This routing logic has to live somewhere. We handle it in our backend, but you could also integrate with your contact center’s existing routing rules. The key is deciding upfront where this logic belongs and keeping it maintainable.

Handle Unanswered Transfers

What happens when no one picks up? You need to plan for this:

  • Timeout handling: How long do you wait before considering the transfer failed?
  • Voicemail option: Can you route to voicemail or a callback request system?
  • Return to bot: Should the caller return to the voice agent with a message like “I wasn’t able to reach an agent. Can I help you with something else, or would you like to leave a message?”
  • After-hours messaging: If transferring outside business hours, inform the user before attempting.

Don’t leave users in limbo. Every transfer path needs a defined outcome.

Log Everything

Log all transfer-related events so you can track calls end-to-end:

  • Transfer requested (and why — user-initiated vs. bot-initiated)
  • Transfer destination
  • Transfer outcome (answered, voicemail, failed, timeout)
  • Time spent waiting
  • Post-transfer call duration (if you have visibility)

This data helps you understand where calls are going and whether transfers are being resolved successfully.


6. Function Calling Is Where Most Things Go Wrong

If there’s one area where voice agents fail unpredictably, it’s function calling. The LLM needs to recognize when to call a function, which function to call, and what parameters to pass — and it needs to do this reliably across varied user inputs. When it doesn’t, calls break in ways that look like hallucinations but are actually function-calling failures.

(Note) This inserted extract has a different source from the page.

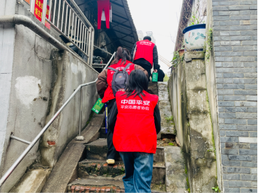 活动当天,空气中夹杂着细雨,但志愿者们的热情丝毫未减。在社区工作人员的引导下,志愿者们分组行动,带着大米、食用油、牛奶等生活必需品,上门探访了社区内多位生活困难的老人。每到一户,志愿者们都与老人亲切交谈,详细询问他们的身体状况和生活需求,耐心倾听他们的心声,并叮嘱老人们注意身体、雨天路滑尽量减少外出。
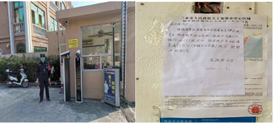 為全力做好疫情防控工作,有效阻斷新型冠狀病毒感染的肺炎疫情傳播途徑,金海物業(yè)始終站在“第一防線上”。保安師傅戴著口罩,對進(jìn)來車輛進(jìn)行排查,為了嚴(yán)防疫情,嚴(yán)格把控、掌握進(jìn)出人員信息,小區(qū)目前實行半封閉式管理,原有的三個進(jìn)出大門關(guān)閉了兩個,只留了一個大門可以進(jìn)出,凡是進(jìn)出車輛保安都要對司機(jī)進(jìn)行體溫檢測。此外,從1月29日起小區(qū)施行半封閉狀態(tài),除了小區(qū)業(yè)主以外,外來人員若無特殊要求一律不允許進(jìn)入。

Be Explicit About Available Functions

Don’t assume the LLM will figure out when to use functions based on their names and descriptions alone. In your prompts, explicitly state which functions are available and when to use them:

"""AVAILABLE FUNCTIONS:
- confirm_name: Call this after the user confirms or denies their name is correct
  - is_correct=true: User confirmed the name
  - is_correct=false: User said the name is wrong
- transfer_to_agent: Call this if user explicitly requests a human agent

IMPORTANT: Wait for explicit user confirmation before calling any function.
Do not proceed without calling one of these functions."""

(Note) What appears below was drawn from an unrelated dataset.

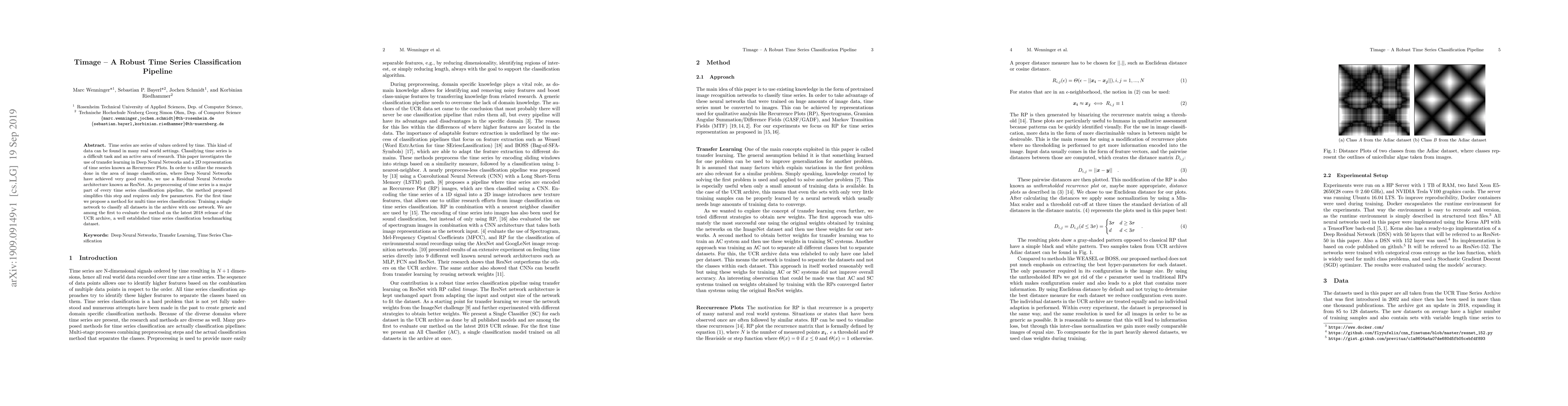 This paper proposes a robust time series classification pipeline named Timage, utilizing transfer learning with ResNet on Recurrence Plots for time series representation. The method simplifies preprocessing and trains a single network for multi-time series classification, evaluated on the latest UCR archive dataset.

The more explicit you are, the more reliably the LLM will invoke functions correctly.

Don’t Rely on the LLM for Validation

A common mistake is letting the LLM handle validation — checking username formats, verifying password length, validating email addresses. Don’t do this. LLMs are inconsistent at applying rules precisely.

Instead, let the LLM collect the input and do all validation in your function handlers:

async def handle_username(args: FlowArgs):
    username = args["username"]

    # Validate in code, not in the prompt
    if len(username) < 3:
        return {"error": "Username must be at least 3 characters"}
    if not username.isalnum():
        return {"error": "Username can only contain letters and numbers"}

    # Proceed with validated input
    return await lookup_user(username)

Validation in code is deterministic, testable, and won’t randomly fail on the 50th call.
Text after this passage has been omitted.